Amazon Web Services Supercomputer configuration, 880 Servers

AWS announced their supercomputer configuration with Amazon’s James Hamilton posting on the configuration.

The cc1.4xlarge instance specification:

· 23GB of 1333MHz DDR3 Registered ECC

· 64GB/s main memory bandwidth

· 2 x Intel Xeon X5570 (quad-core Nehalem)

· 2 x 845GB 7200RPM HDDs

· 10Gbps Ethernet Network Interface

The AWS supercomputer configuration is 7040 cores.  At 4 cores per processor and 2 processors per server you get 880 servers (nodes) in the compute environment. 

If you assume assume about 350 watts/server you can get 300KW of power.  20 2U server per rack makes for 44 racks and 7KW per rack.  Sounds abut right.

Amazon is one of 4 self-made configurations.

image

10Ge is rare in many of supercomputer clusters, but AWS chose 10G Ethernet which may explain their self-made configuration.

image

But AWS was after a specific scenario like Hadoop.
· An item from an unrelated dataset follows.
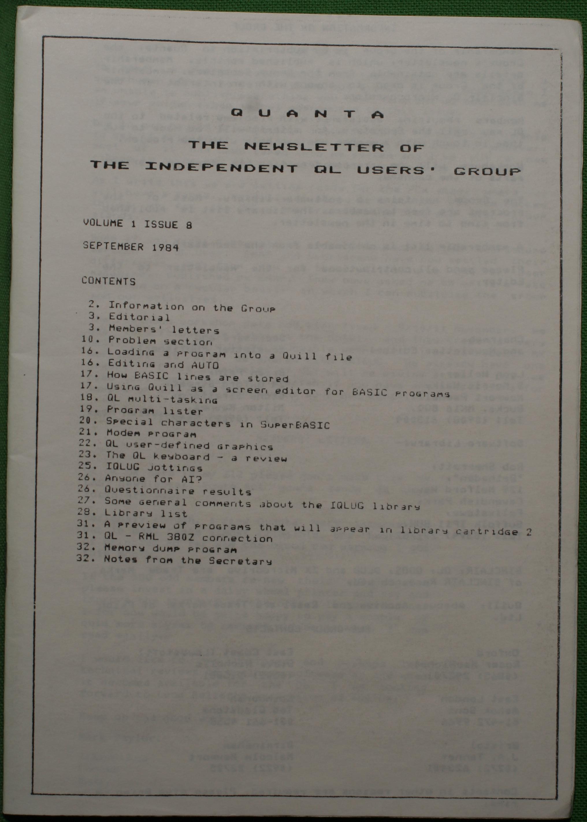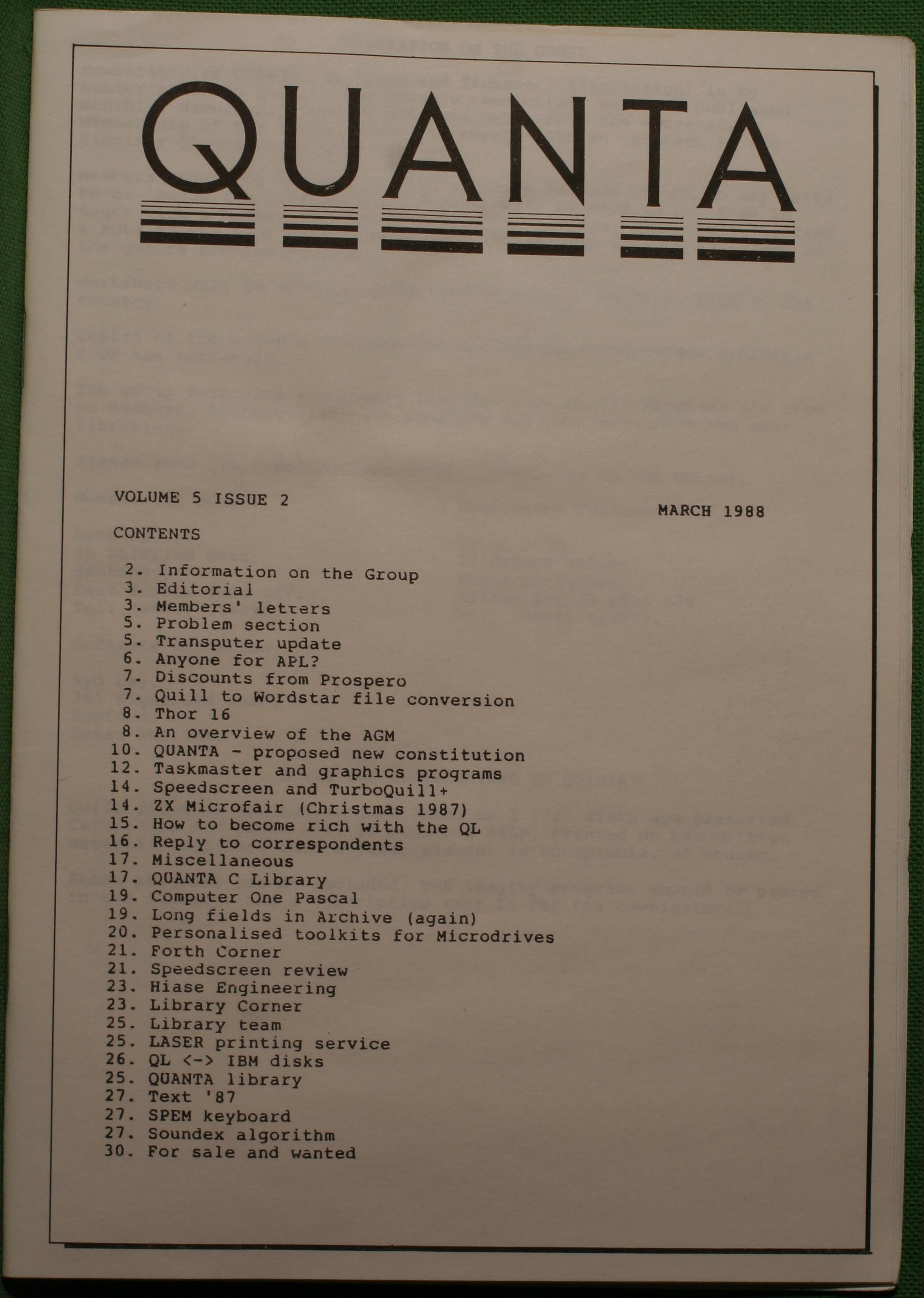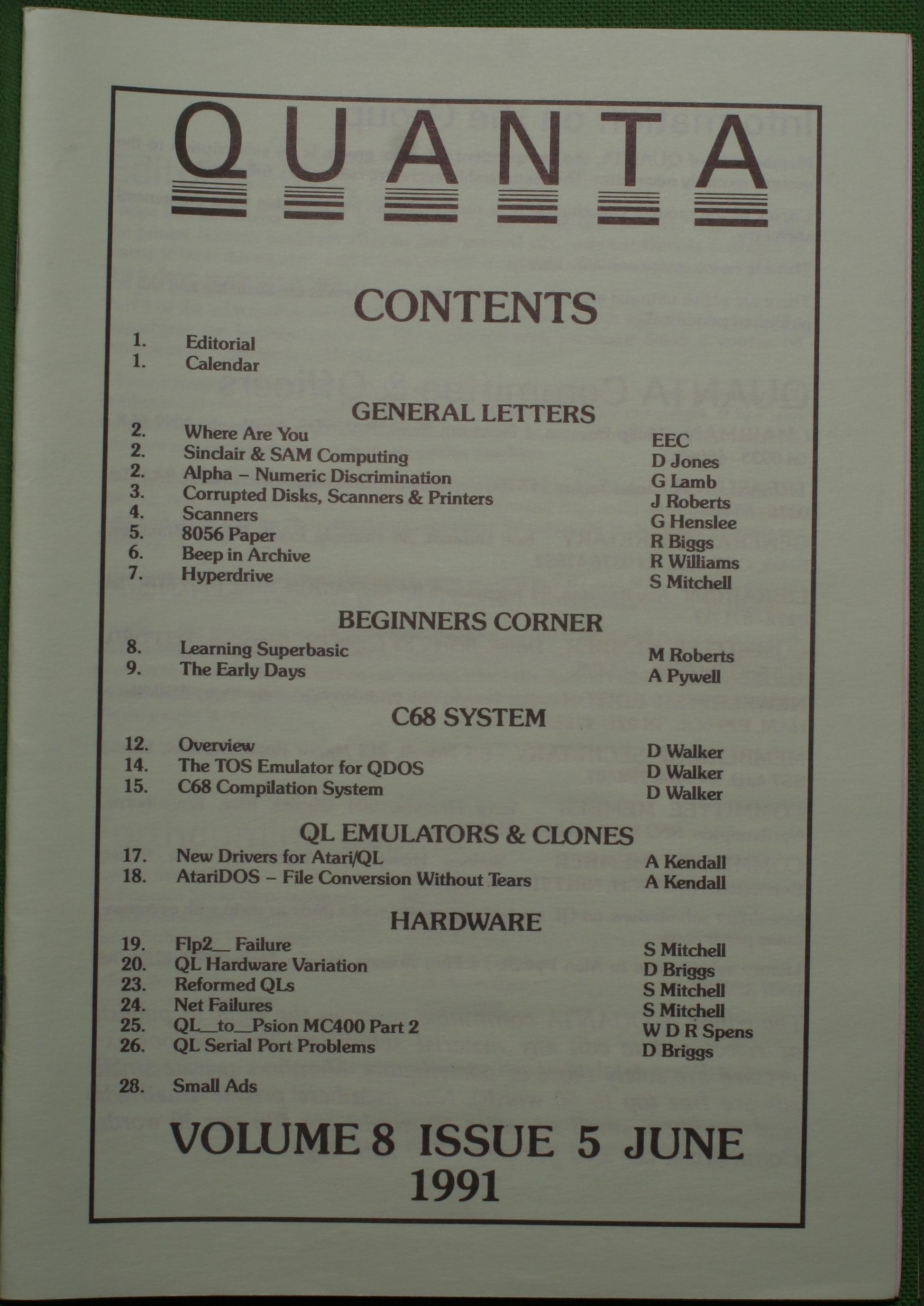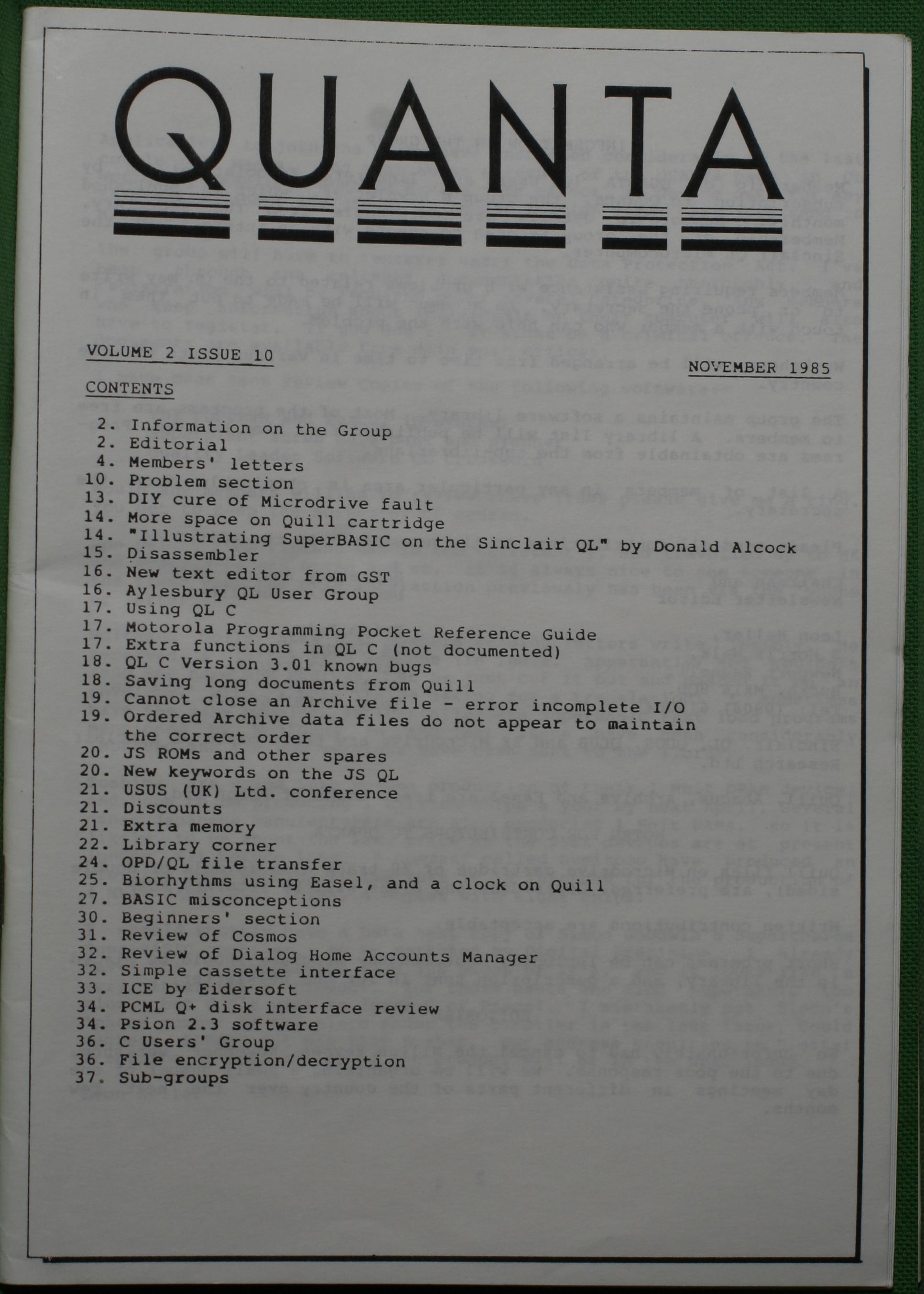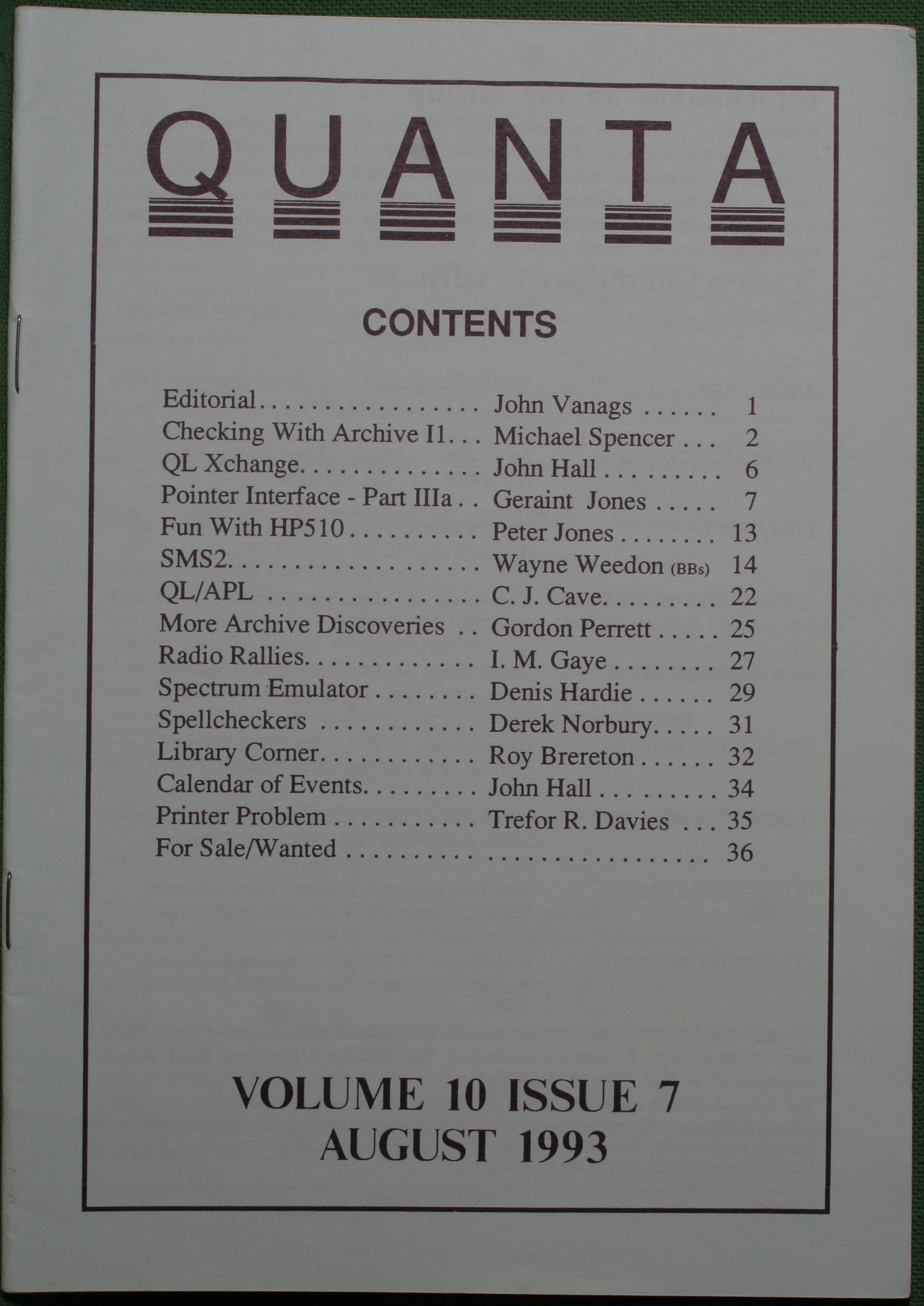 Quanta es el club de usuarios del ordenador Sinclair QL más importante del mundo. Se fundó más o menos al mismo tiempo que se comercializaba el ordenador. Tardé varios años en dicidirme en hacerme socio, pero cuando lo hice pedí todos los números atrasados de la revista. Dejé de ser socio cuando vi que mis pricipales intereses informáticos ya se habían desplazado hacia otros derroteros.

It’s this last point that I’m particularly excited about. The difference between just a bunch of servers in the cloud and a high performance cluster is the network. Bringing 10GigE direct to the host isn’t that common in the cloud but it’s not particularly remarkable. What is more noteworthy is it is a full bisection bandwidth network within the cluster. It is common industry practice tostatistically multiplex network traffic over an expensive network core with far less than full bisection bandwidth. Essentially, a gamble is made that not all servers in the cluster will transmit at full interface speed at the same time. For many workloads this actually is a good bet and one that can be safely made. For HPC workloads and other data intensive applications like Hadoop, it’s a poor assumption and leads to vast wasted compute resources waiting on a poor performing network.